Но, как показывает Лакатос, речь идет не просто о поведении ученых. В

самом деле, почему в споре теории с противоречащим ей наблюдением наблюдение

имеет решающее преимущество? Возьмем простой пример. Пусть высказывание "Все

лебеди белые" признано истинным не потому, что кому-то удалось наблюдать

всех лебедей на свете (в том числе и давно исчезнувших) и убедиться в их

белизне, а потому, что согласно некой теории, свойство "быть лебедем"

необходимо связано с белизной. Тогда наблюдение черного лебедя не

опровергает эту теорию: птицу, похожую на лебедя, но черную, просто не будут

называть лебедем. Но ведь точно такое же рассуждение можно провести

относительно любых научных теорий! И тогда мы придем к парадоксальному

выводу: никакая научная теория принципиально не опровержима, то есть - в

соответствии с попперовским критерием научной рациональности (критерием

фальсифицируемости) - не является научной! Разумеется, это свидетельствует о

непригодности методологической концепции.

Как придать фальсификационизму непротиворечивый методологический

статус?
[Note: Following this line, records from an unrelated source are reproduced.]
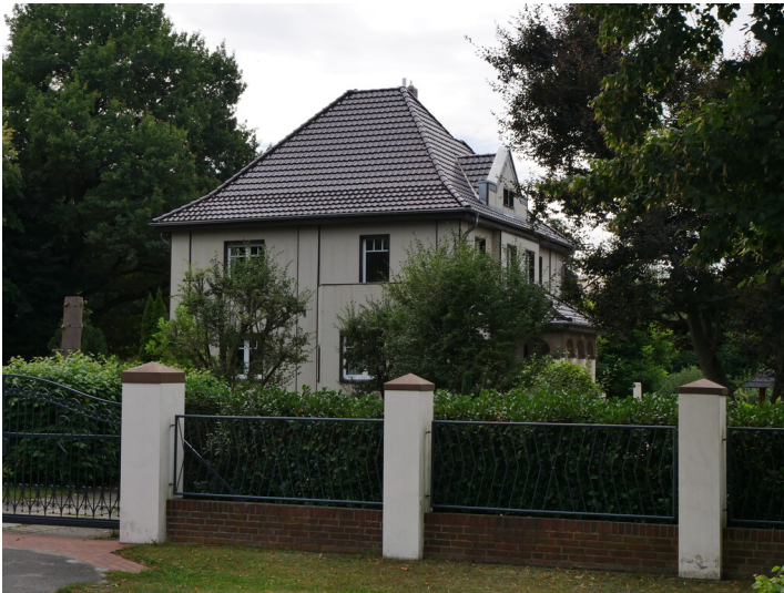
Fabrikantenvilla Drebkau Glaswerk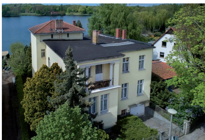
Potsdam, Seestraße 26 (Wassergrundstück)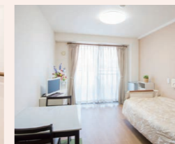
使い慣れた家具など お持ち込み可能な居室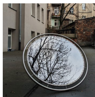
Keloskop w Galerii Podbrzezie

Z początkiem stycznia tego roku, fundacja ogłosiła kolejny konkurs na schronisko turystyczne, mające lokalizację w Beskidzie Wyspowym. To przedsięwzięcie ma już charakter ściśle architektoniczny, ale głównym celem, wymagającym podkreślenia jest wyłonienie projektu, którego wizja będzie nie tylko piękną architekturą, ale wręcz wizją artystyczno-architektoniczną wykraczającą w XXII wiek. Stąd też nie kierujemy tego konkursu wyłącznie do architektów, ale także artystów i designerów. Taka jest misja Fundacji IDEANOVA.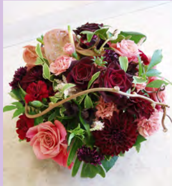
M05 <生花アレンジメント>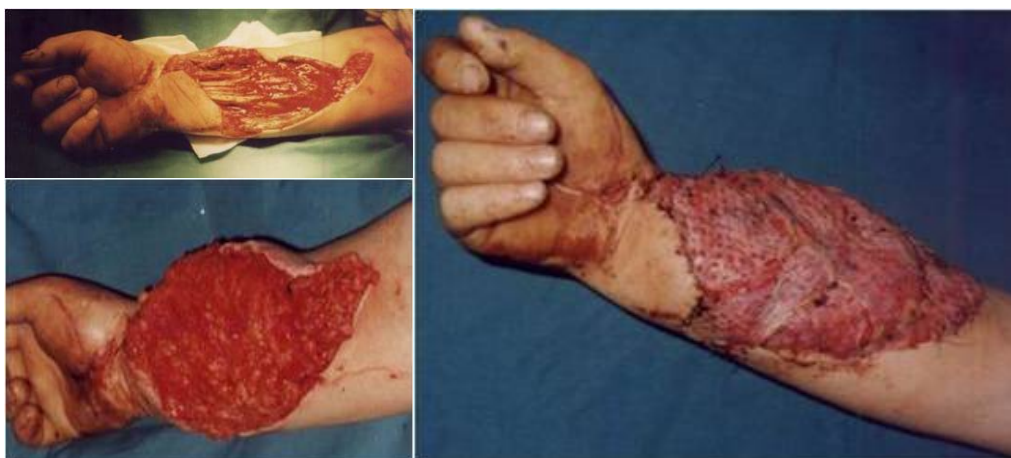
Fig. 2 Defect de părți moi după mușcătură de cal: înainte și după transferul liber de mare epiplon

Un pacient din cei 14 cu defecte de părți moi la membrul pelvin avea vârsta de 17 ani, restul prezentau vârste cuprinse în intervalul 29-50 ani; 13 pacienți au victime ale unor accidente (rutiere – 9, de muncă – 2, casnice – 2), iar tânărul de 17 ani a fost internat cu diagnosticul de artrită dublă (glezna dreaptă și genunchiul stâng) de origine iatrogenă (posibil artrită tip RAA tratată prin punționarea articulațiilor afectate și injecție de antibiotic, suprainfectată cu germeni de spital, multiplu rezistenți la antibioterapie).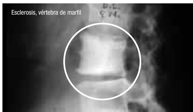
Figura 3. Paciente de sexo femenino de 74 años con vértebra de marfil.

es un aumento del tamaño anteroposterior y lateral de la vértebra.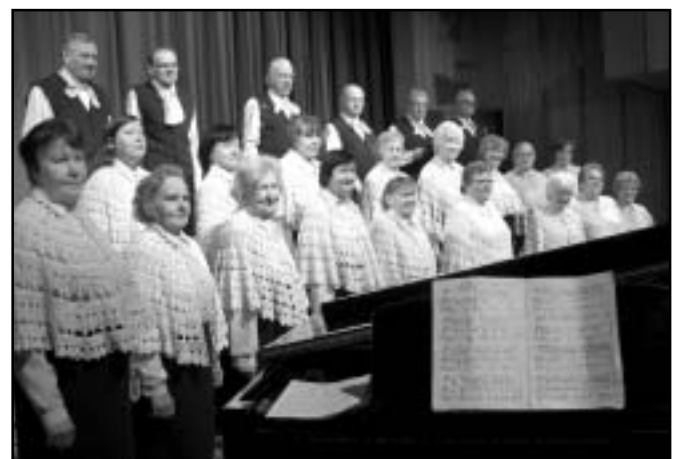
Uzstājas koris „Kamene”.

Paldies visiem kora dalībniekiem, diriģentiem un māju saimniekiem par kopīgi pavadīto brīnišķīgo atpūtas pēcpusdienu, sildot sirdis skaistās dziesmās un jaunizveidotā novada kaimiņu satikšanās priekā vienotā draudzībā! Paldies Lielvārdes novada vadībai par transportu korim „Kamene” un lielā autobusa vadītājam par laipno apkalpošanu! Paldies visiem, visiem baltās ziemas dienas brīnuma piemeklētājiem!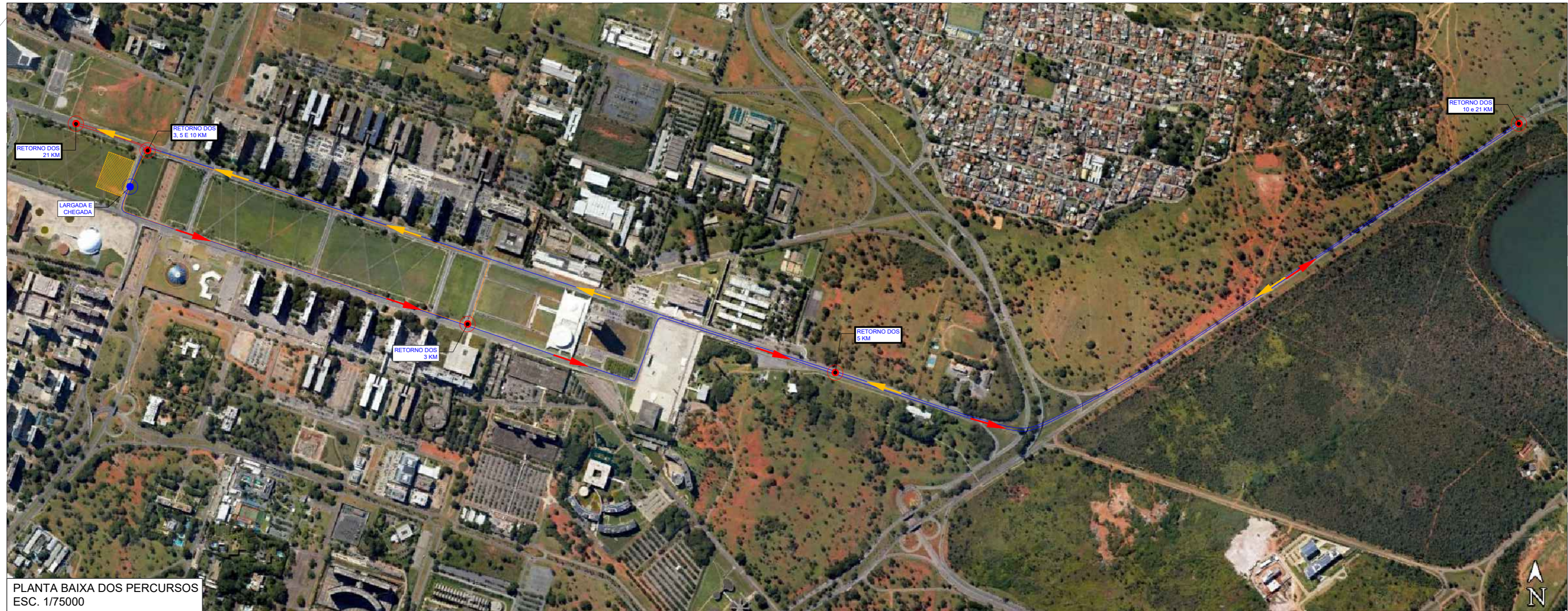
PLANTA BAIXA DOS PERCURSOS ESC. 1/75000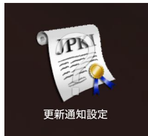
図 1. Launchpad に残存したアイコン（？マーク付き）

なお、そのまま残存させた状態で再度 JPKI 利用者クライアントソフトをインストールしても、問題ありません。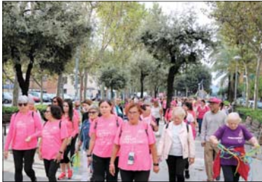
Algunas de las personas que participaron en la actividad.

Los participantes se concentraron en la plaza Antoni Baqué y, poco después de las 10 de la mañana, iniciaron un recorrido por diferentes calles de La Llagosta. La Caminata finalizó en la plaza Antoni Baqué, donde se pusieron a la venta diferentes objetos para colaborar en la lucha contra el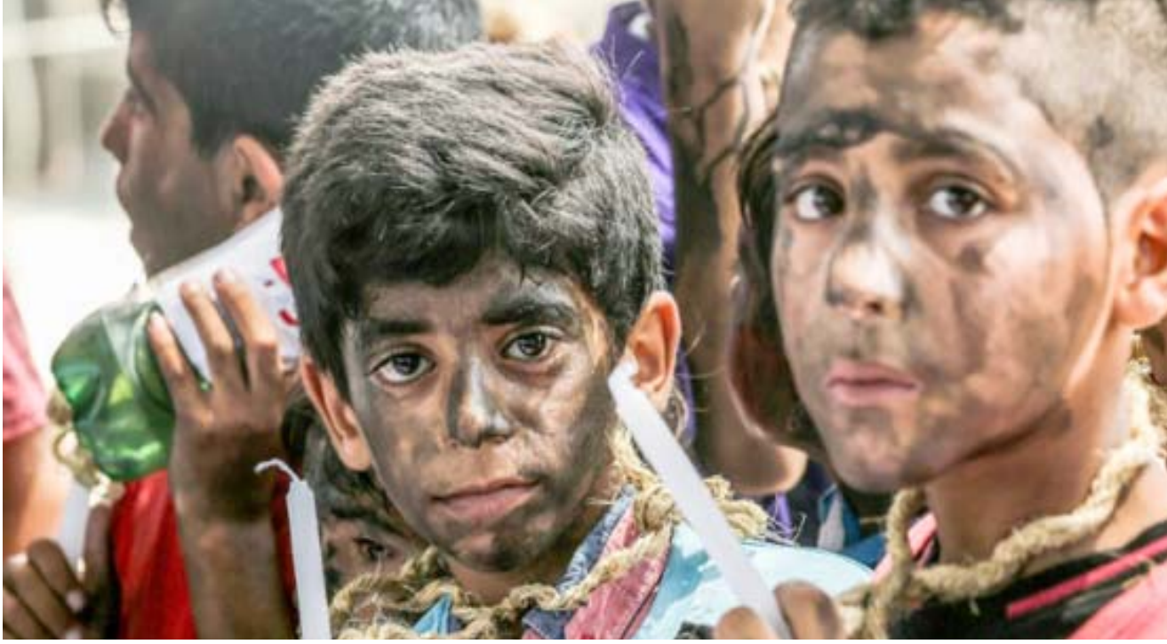
أطفال فلسطينيون خلال تظاهرة بالشموع عند معبر إيريز مع إسرائيل في شمال قطاع غزة

حياة شعبها للخطر. وأضاف ان كل ما ستحققه الاقتراحات الواردة في التقرير هو مساعدة الفلسطينيين على مواصلة رفضهم لدولة إسرائيل.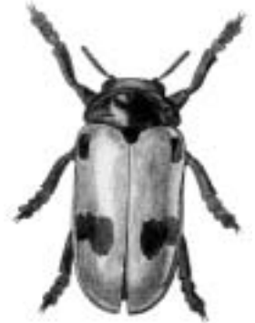
Myrebladbill - Clytra quadripunctata

quadripunctata, Clytra — myrebladbill quadripunctata , Dendroxena se quadrimaculata , D. quadripunctata, Sericoda — brandkvikløber quadripunctatus, Harpalus — firepunktet markløber quadripustulatus, Exochomus — fireplettet mariehøne quadripustulatus, Mycetophagus — stor svampebill quadripustulatus, Oedostethus — plettet dværgsmælder quadrisignatus, Dromius — risgærdebarkløber quadristriatus, Trechus — markgrotteløber quadrisulcatus, Chlaenius — sribet fløjlsløber quatuordecimguttata, Calvia — fjortenplettet mariehøne quatuordecimpunctata, Propylea — skakbræt quenseli, Amara — smalbrystet ovalløber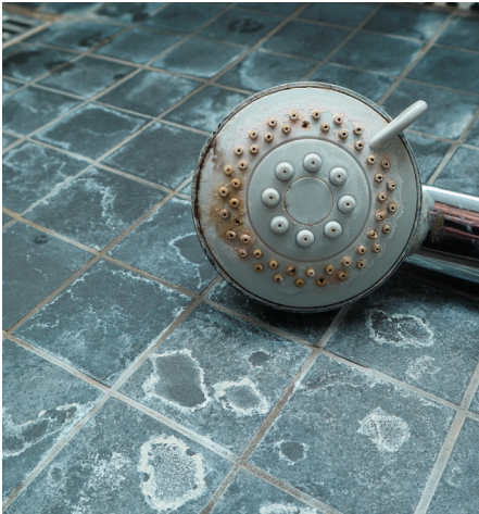
Viezigheid en kalkaanslag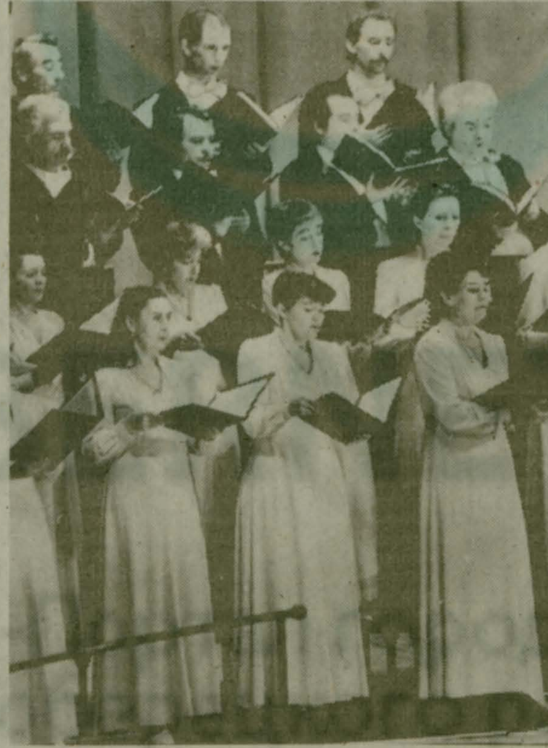
У нас в гостях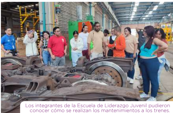
Los integrantes de la Escuela de Liderazgo Juvenil pudieron conocer cómo se realizan los mantenimientos a los trenes.

Uno de los módulos de formación está dedicado al relacionamiento positivo con el entorno: Biodiversidad, inclusión, cambio climático y movilidad sostenible. Para esto, los integrantes de la Escuela tuvieron un recorrido guiado por los talleres Metro para descubrir más de cerca cómo funciona nuestro sistema de transporte, las rutinas de mantenimiento preventivo, los avances de la industria local que facilitaron la modernización de los trenes de primera generación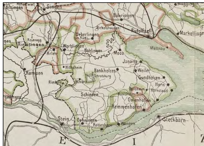
Orte des Amtes Bohlingen

17. Jahrhunderts das östlich angrenzende Obervogteiamt Gaienhofen angegliedert wurde.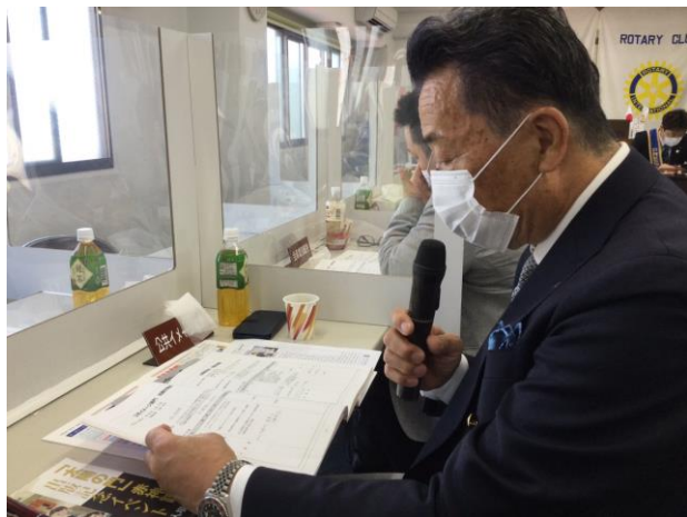
各委員長が1年間の活動を報告しました。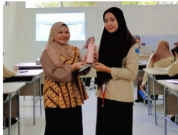
Gambar 3. Pemberian Hadiah untuk Siswa yang Aktif Berdiskusi

Materi ketiga tentang apa saja yang dilakukan ketika kuliah di kampus dan prospek kerja kampus pertanian. Kegiatan ketika kuliah di kampus ada banyak sekali meliputi teori seperti belajar mengajar, tugas, ujian, seminar, kuliah umum dan praktek pertanian baik di laboratorium maupun ekperimental farm. Prospek kerja lulusan pertanian juga sudah bagus. Menurut Rosa (2023) lulusan pertanian dapat menjadi konsultan pertanian, bekerja di industri pangan, akademisi (guru atau dosen), peneliti, bahkan entrepreneur. Setiap sesi materi diakhiri dengan diskusi.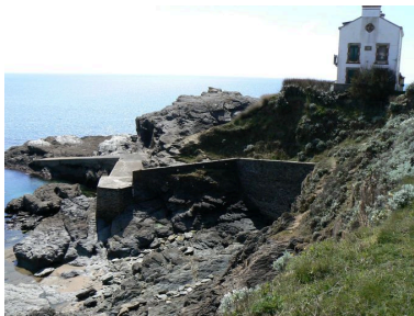
Vue générale de la cale des Grands-Sables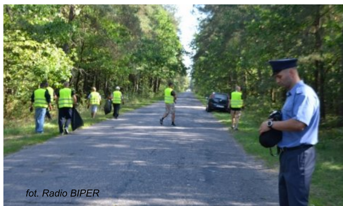
fol. Radio BIPER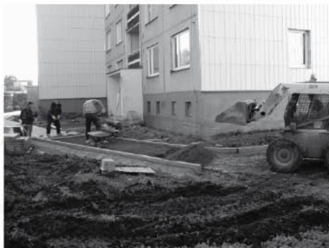
První metry nových chodníků se objevily v minulých dnech na sídlišti Pod Paluchem v rámci jeho regenerace

Mnozí občané Karolinky včetně přespolních sledují, jak postupují stavební práce na rekonstrukci náměstí. Pro všechny je nepříjemné omezení v přístupu na radnici, poštu, policii a k bankomatu, včetně možného zaparkování vozidel. Řidiči by měli více využívat prostory pro parkování za budovou městského úřadu, odkud je i lepší a bezpečnější přístup.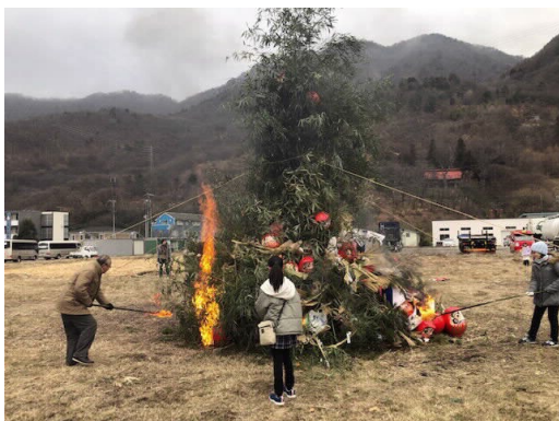
どんど焼き点火式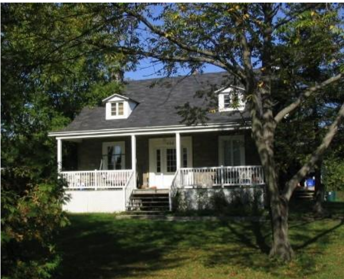
Maison Hyacinthe-Paquin, construite en 1839. Photo Roger Labastrou, 2007.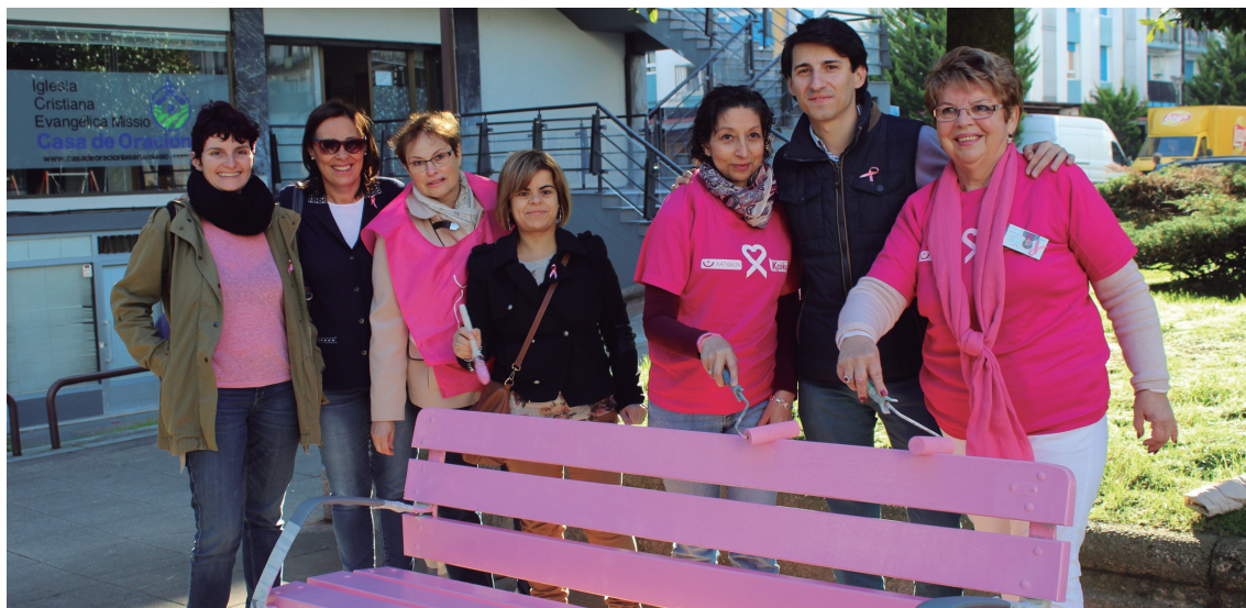
Ganbo kalean margotu da bankua urte osoan zehar borroka honen adierazle izan dadin.

Alkateak adierazi zuen gune hori hainbat borrokari buruz kontzientziatzeko leku bihurtzea nahi duela: genero bortizkeria, HIESaren kontrako borroka edo gay, lesbiana, transexual, bisexual eta intersexualen eskubideen aldeko borroka. Horiek izango dira gune horretako ban-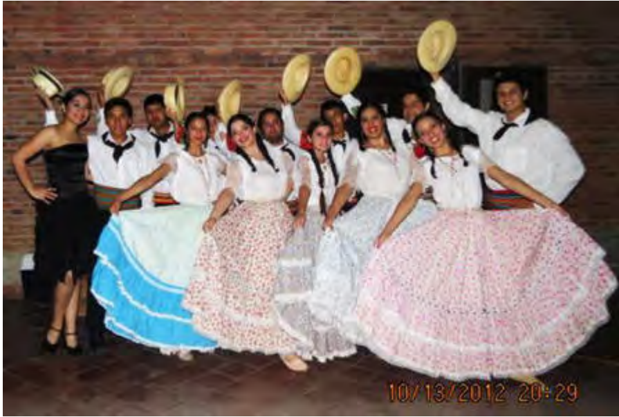
Grupo de Danza minguero JEROKY PARAGUAY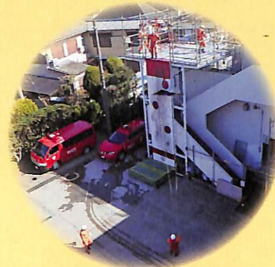
特別救助隊の訓練披露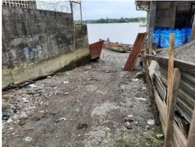
Ilustración 25. Muelle la Esso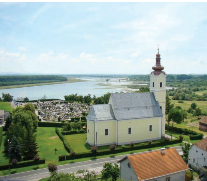
Župa Pohoda Blažene Djevice Marije u Garešnici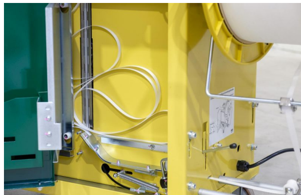
Bandbevorratung im Bandspeicher garantiert eine schnelle Taktzeit.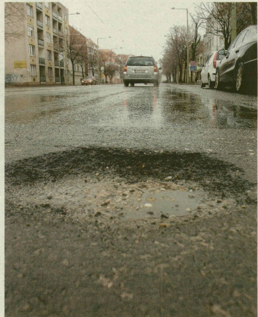
■ NAGYOT ZÖTTYENHET A LYUKBAN A KERÉK

A városon átmenő 5-öst, 43-ast és 45-öst felügyelő Magyar Közút Kht.-nál megtudtuk, ők nem külön brigádot vetnek be, hanem rendszeresen járőröző útellenőreikhez csatlakozik két útjavító ember. A villamossínek mentén 80 centi széles út az SZKT fennhatósága alá tartozik, ők is figyelnek, javítanak. Az önkormányzati utak foltozására az idei költségvetés terhére 6 millió forintos szerződést kötött a környezetgazdálkodás a Szegedi Magas- és Mélyépítő Zrt.-vel. Dolgoznak is, ahol hozzáférnek.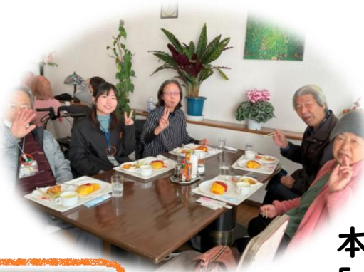
本人ミーティング 「チームあじさい」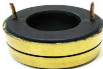
A-159 COLECTOR DE ALTERNADOR (25x50)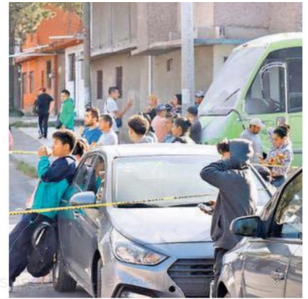
Los habitantes de la vecindad salieron preocupados porque se les quemara su casa y con el rostro tapado para no inhalar el humo que salía de la fábrica de reciclaje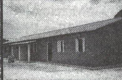
25 Casas populares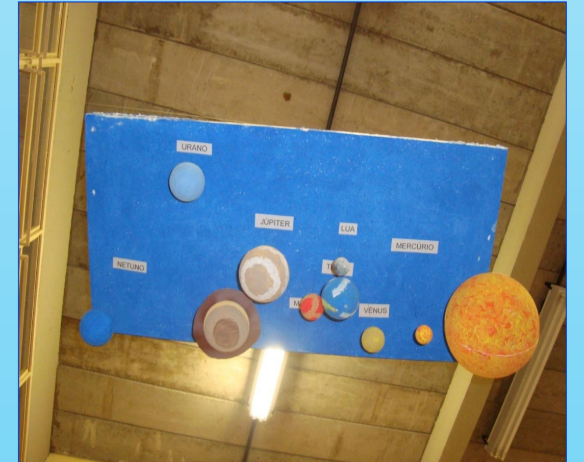
FIGURA 3: Planetário MóBILE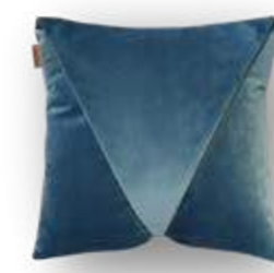
Cojín / coussin / cushion 50x50 55x65 C11 C12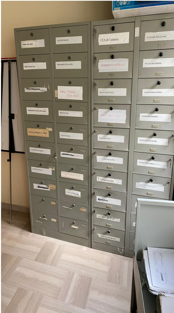
Fig. 6, particolare della stanza di cui alle due foto precedenti, assegnata a sette magistrati; stanza che ospita anche i cassetti di tutti i colleghi del Tribunale civile.

К. Поппер выходил из затруднения, предлагая признак, по которому

можно отличить научную теорию от "не-научной" или "метафизической" теории:

научная теория опровергается только такими фактами, которые сформулированы в

языке "эмпирического базиса" этой теории. Если применить этот критерий к

теории "Все лебеди белые", получается, что цвет птицы должен быть отнесен к

ее эмпирическому базису (а не включаться в число теоретических посылок);

тогда, действительно, наблюдение черного лебедя доказывает ложность этой

теории, которая должна быть, вследствие этого, отброшена. Но если с теорией

"лебединости" это не так уж трудно, то с другими теориями, например, такими,

которые лежат в основе научной картины мира, дело обстоит совсем иначе.

Почему все-таки приверженцы ньютоновской небесной механики так упорно

не желали расстаться со своей теорией, нарушая при этом требования

методологической концепции? Если считать, что методология науки есть теория

научной рациональности, то получается, что ученые, действующие так, как было

описано в примере с планетами, действовали нерационально! Но, может быть,

все наоборот: ученые поступали как раз рационально, но попперовская

методология не является достаточной теорией научной рациональности?

И. Лакатос попытался так уточнить и улучшить методологическую концепцию

К. Поппера, чтобы она в максимальной степени приближалась к реальной истории

науки, но при этом оставалась именно теорией научной рациональности, то есть

такой теорией, с помощью которой можно было бы подвергнуть историю науки

"рациональной реконструкции" - выяснить, в какой степени историческое

развитие научного знания отвечает требованиям рациональной методологии.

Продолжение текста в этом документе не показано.